Потом мы с Николетт заговорили о французской литературе, о любимых поэтах, я что-то читал по-французски, и мне всё казалось, что я краснею. Она слушала немного покровительственно и одобрительно. Конечно, Николетт очень любила и высоко ставила великую французскую литературу, моё знание её литературы она считала естественным. Новая знакомая похвалила мой французский и произношение, которым нас мучили на первом курсе вплоть до того, что приходилось отрабатывать каждый звук, устанавливая речевой аппарат перед карманным зеркальцем.
Скоро Николетт стала внимательно вглядываться в меня зелёными с раскосинкой глазами… Какой-то мешковатый русский читает наизусть отрывок из оды Ронсара! А меня, что называется, понесло: я читал Альфреда де Мюссе, Верлена, неизвестного в России лауреата Нобелевской премии Сюлли-Прюдома, Жака Превера и опять Пьера де Ронсара, но не оды, а сонеты (тогда я не сказал Николетт, что писал о нём дипломную работу). Тут же выяснилось, что её фамилия Ронсар, правда, она просто однофамилица знаменитого поэта шестнадцатого века, а не родственница. Конечно, я видел в программе конференции «Н. Ронсар», только не думал, что именно эта красно-зелёная стройная девушка носит известнейшее во Франции имя.
Я очень старался понравиться ей. Я заливался соловьём, я щёлкал, я свистел, я выводил замысловатые рулады, испускал трели. Она живо реагировала на все мои шутки и серьёзные рассуждения, и, когда смеялась, её глаза становились ещё более раскосыми, а когда задумывалась или хмурилась, углы глаз опускались и кошечкин (так я назвал его сходу) разрез исчезал. Всё то, что я выдал, Николетт знала и любила, только не могла прочитать наизусть. Слушала она очень внимательно. Особенно, когда я говорил по-русски. Такого внимательного взгляда у своих собеседниц я никогда не видел. Потом у меня мелькнула мысль, что эта внимательность объясняется нетвёрдым знанием чужого языка, но я тут же отогнал её, и до сих пор с радостью думаю, что у моей Николетт самый внимательный взгляд на всём белом свете. Когда она меня слушает…

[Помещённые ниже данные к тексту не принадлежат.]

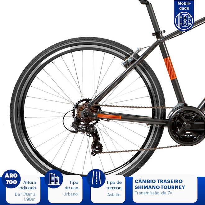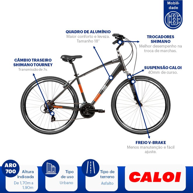 Versátil e ideal para as pedaladas urbanas, essa Bicicleta Caloi 700 possui câmbios Shimano e freios resistentes V-Brake em alumínio, que garantem máxima segurança durante as pedaladas. Uma ótima opção para você curtir os momentos de lazer, a Bike tem 21 Marchas para treinos personalizados e selim altamente confortável com quick release, que permite o ajuste da altura. Com guidão mais alto, essa Bicicleta Caloi tem quadro em alumínio e aro 700 para perfomance ágeis e seguras.

Три дня мы ежедневно встречались на конференции, а потом, не сговариваясь, стали видеться постоянно. На той конференции я сделал доклад о понимании церковного образа в трудах отца Павла Флоренского. Так в наших разговорах возникла тема иконы. Обещая мне сюрприз, она пригласила меня к себе домой на улицу Кошки, Которая Ловит Рыбу. Есть такая улочка — самая короткая и самая узкая — в Латинском квартале, да и в Париже тоже. Первое, что я увидел в гостиной, была икона Неопалимой Купины на старинном комоде. И икона, и комод бросались в глаза, потому что лишь они напоминали о старых добрых временах, а вся остальная мебель была в доску современной (кажется, я пытаюсь каламбурить). Николетт тоном экскурсовода сказала: «Это икона Неопалимая Купина», а у неё получилось что-то вроде «эта-икона-не-опали-меня-купина». Икона была девятнадцатого века, что не вызывало сомнений.
Единственное удивившее меня отличие от привычной иконографии состояло в том, что на полях образа был написан маленький коленопреклоненный человечек, как на иконе Нечаянной Радости. Я перекрестился и приложился к образу. Николетт с удивлением и любопытством посмотрела на меня. Ну вот, так это было. Так начиналось…
Однажды в разгар того памятного нашего знакомства в Париже Николетт показала мне рукопись своего далёкого прадеда (не знаю, сколько пра- надо здесь добавить). Это были воспоминания французского офицера, участника наполеоновского похода в Россию. Звали его Marc-Matthieu Ronsard — Марк-Матьё Ронсар. Автор по скромности завещал родственникам не публиковать мемуары, а передавать их по наследству тому, кто будет оставаться жить в его квартире на улице Кошки, Которая Ловит Рыбу. Николетт сказала, что там есть что-то очень интересное об иконах. Листы были сшиты суровыми нитками, переплёт — из простого серого картона.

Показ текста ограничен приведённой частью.